Modern desktop computers use multiple-core CPUs. Intel's chips are the most common chips in Desktop machines... but the Core and Core 2 processors don't share an on-die cache.
That is, didn't share a cache until the Core 2 i7 chips were released, which share an on-die 8MB L3 cache.
So, if you were able to lock data in the cache on the computer I'm typing this from, you can't even guarantee this process will be scheduled on the same core, so that cache lock may be totally useless.
If your writes are slow, make sure that no other CPU core is writing in the same memory area at the same time.
When you have a performance problem, don't assume anything, measure first. For example, comment out the writes, and see if the performance is any different.
If you are writing to an array of structures, use a structure pointer to cache the address of the structure so you are not doing the array multiply each time you do an access. Make sure you are using the native word length for the array indexer variable for maximum optimisation.
As other people have said, you can't control this directly, but changing your code may indirectly enable better caching. If you're running on linux and want to get more insight into what's happening with the CPU cache when your program runs, you can use the Cachegrind tool, part of the Valgrind suite.
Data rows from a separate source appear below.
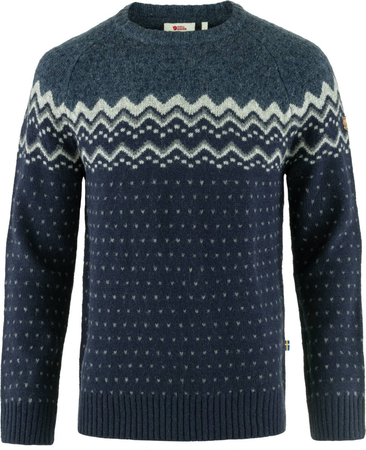 Pull Fjällräven Övik Knit homme en laine jacquard marine, isolant et respirant, porté seul ou en couche intermédiaire pour l’hiver.
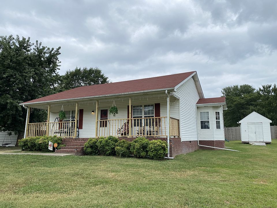 Country charm just outside city limits (no city taxes!!!), new covered front porch, 16x24 patio, 2c detached carport enclosed on 3 sides, 8' privacy fence across back.
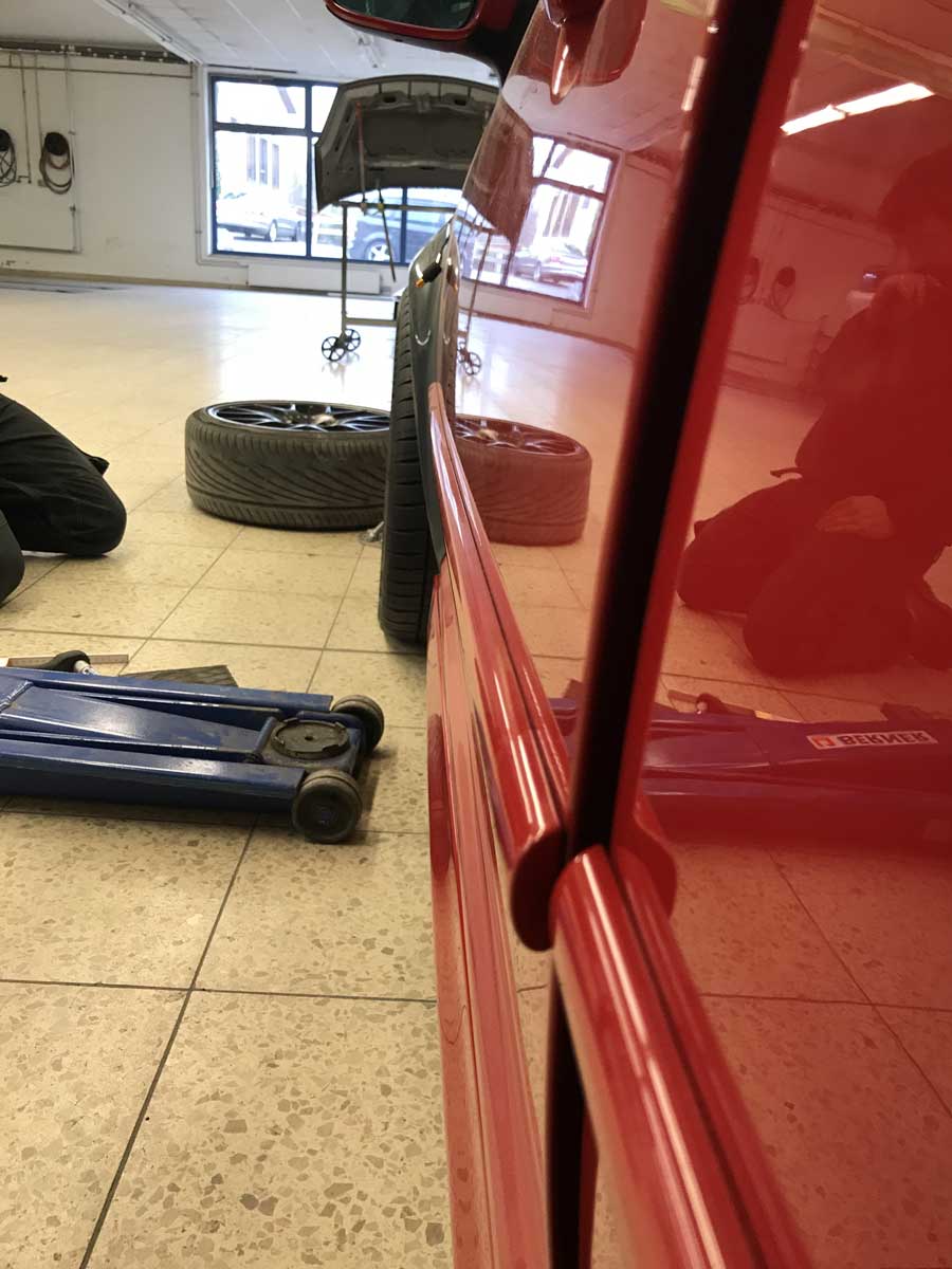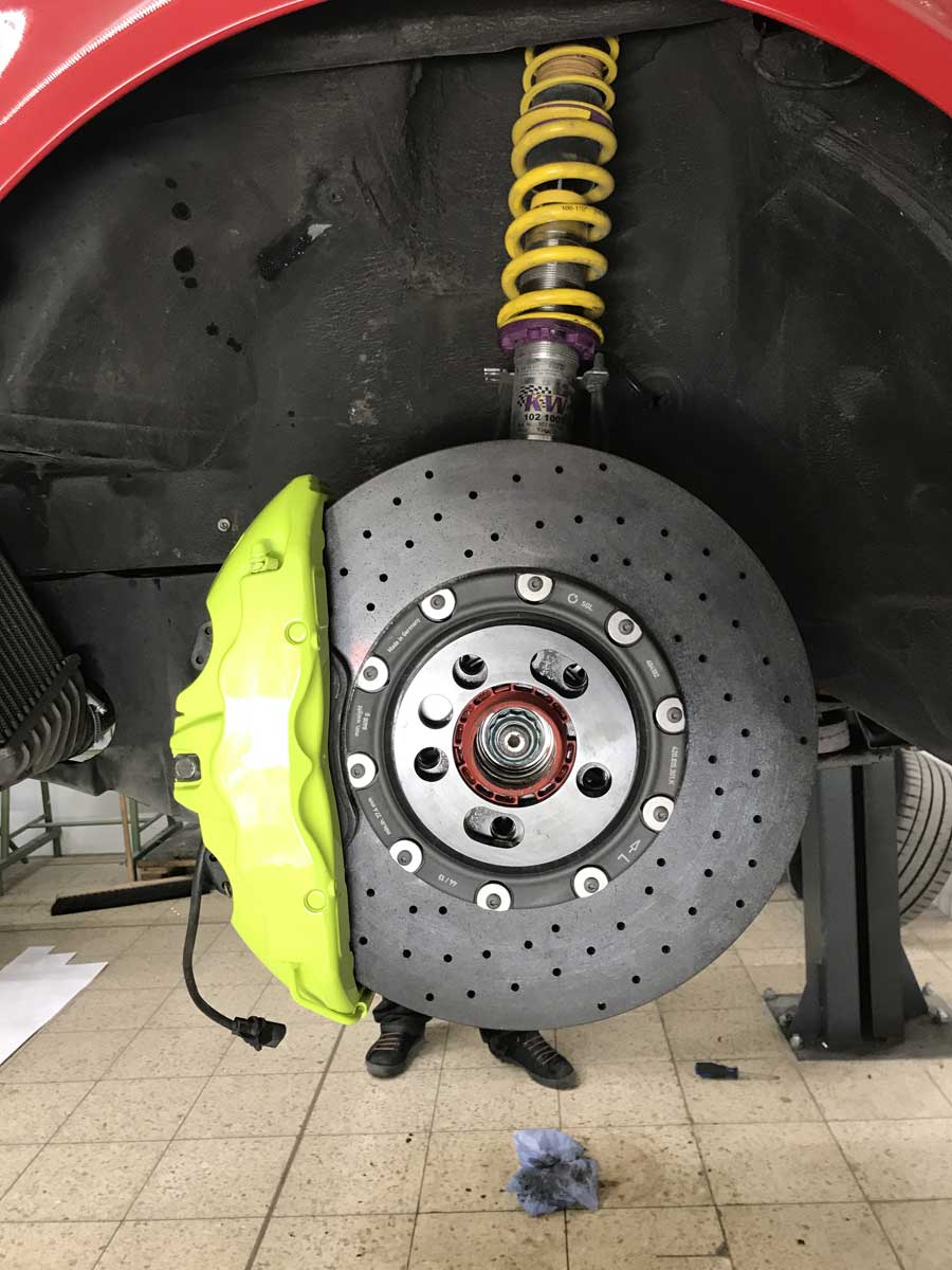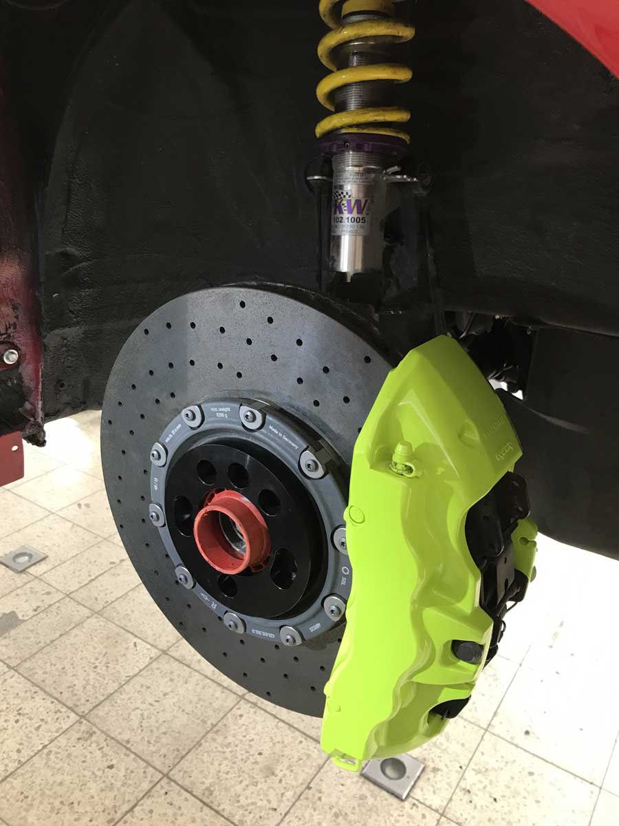 FahrwerkZum Einsatz kam hier ein KW Gewindefahrwerk Variante 3 Clubsport mit einstellbaren Sturzlagern.

It's a simulation of a processor, so it's not totally realistic, but it gives you information that is hard to get any other way.
It might be possible to use some assembly code, or as onebyone pointed out, assembly intrinsics, to prefetch lines of memory into the cache, but that would cost a lot of time to tinker with it.
Just for trial, try to read in all the data (in a manner that the compiler won't optimize away), and then do the write. See if that helps.
In the early boot phases of CoreBoot (formerly LinuxBIOS) since they have no access to RAM yet (we are talking about BIOS code, and therefore the RAM hasn't been initialized yet) they set up something they call Cache-as-RAM (CAR), i.e. they use the processor cache as RAM even if not backed by actual RAM.